| Your assignment |
Write out exactly, excluding pictures, the lines from the one containing "De aquí hacen" through the end of the data, both included.

--- START ---

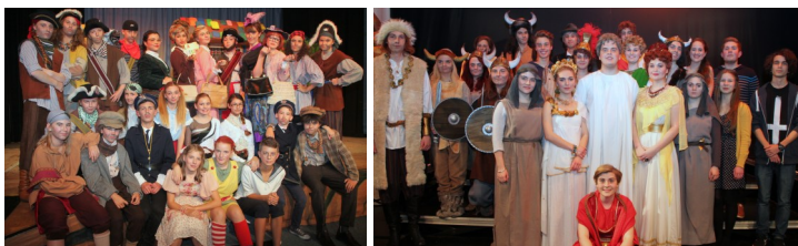
Zahlung des Mitgliedsbeitrages für den Theaterverein zur Unterstützung unserer Theatergruppen
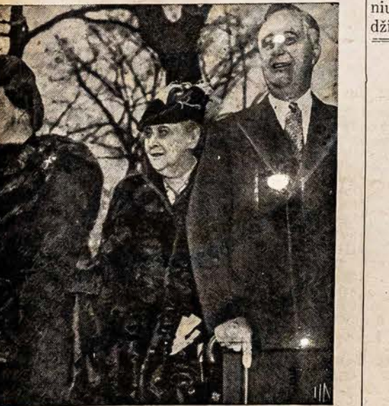
SVENČIA SEPTYNIŲ METŲ SUKAKTUVES... (text continues)
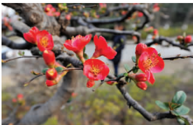
“一品香”的花形也绝对“一品”

快报讯(记者 毛丽萍)3月19日,莫愁湖公园第二十九届海棠花会将正式开幕,届时园内大概会有近20种海棠花盛开。值得一提的是,海棠花中唯一有香味的“一品香”今年由于照顾得当,已早于其它海棠花盛开。
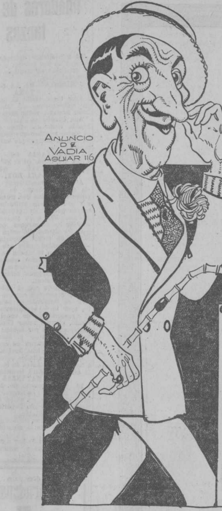
ANUNCIO DE VADIA AGUIAR 116

De aquí hacen inmensas espirales, convergentes hacia el centro cuando el tiempo se enturbia y malicia, o divergentes si ocurre lo contrario, y el buen tiempo se afirma.
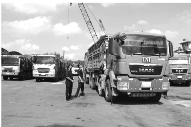
● Cán bộ Hải quan tỉnh Nghệ An giám sát hàng hóa XNK.

10 tháng đầu năm 2024 đạt 610,6 tỷ USD, tăng 12,5% (trương đương tăng 67,8 tỷ USD) so với cùng kỳ 2023. Trong đó, kim ngạch XK đạt 315,9 tỷ USD, tăng 8,2% và kim ngạch NK đạt 294,7 tỷ USD, tăng 17,5% so với cùng kỳ 2023.
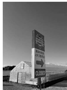
▲長浜ストロベリースタジオ (永久寺町 892-1)

--- END ---

| Task output |
De aquí hacen inmensas espirales, convergentes hacia el centro cuando el tiempo se enturbia y malicia, o divergentes si ocurre lo contrario, y el buen tiempo se afirma.
● Cán bộ Hải quan tỉnh Nghệ An giám sát hàng hóa XNK.

10 tháng đầu năm 2024 đạt 610,6 tỷ USD, tăng 12,5% (trương đương tăng 67,8 tỷ USD) so với cùng kỳ 2023. Trong đó, kim ngạch XK đạt 315,9 tỷ USD, tăng 8,2% và kim ngạch NK đạt 294,7 tỷ USD, tăng 17,5% so với cùng kỳ 2023.
▲長浜ストロベリースタジオ (永久寺町 892-1)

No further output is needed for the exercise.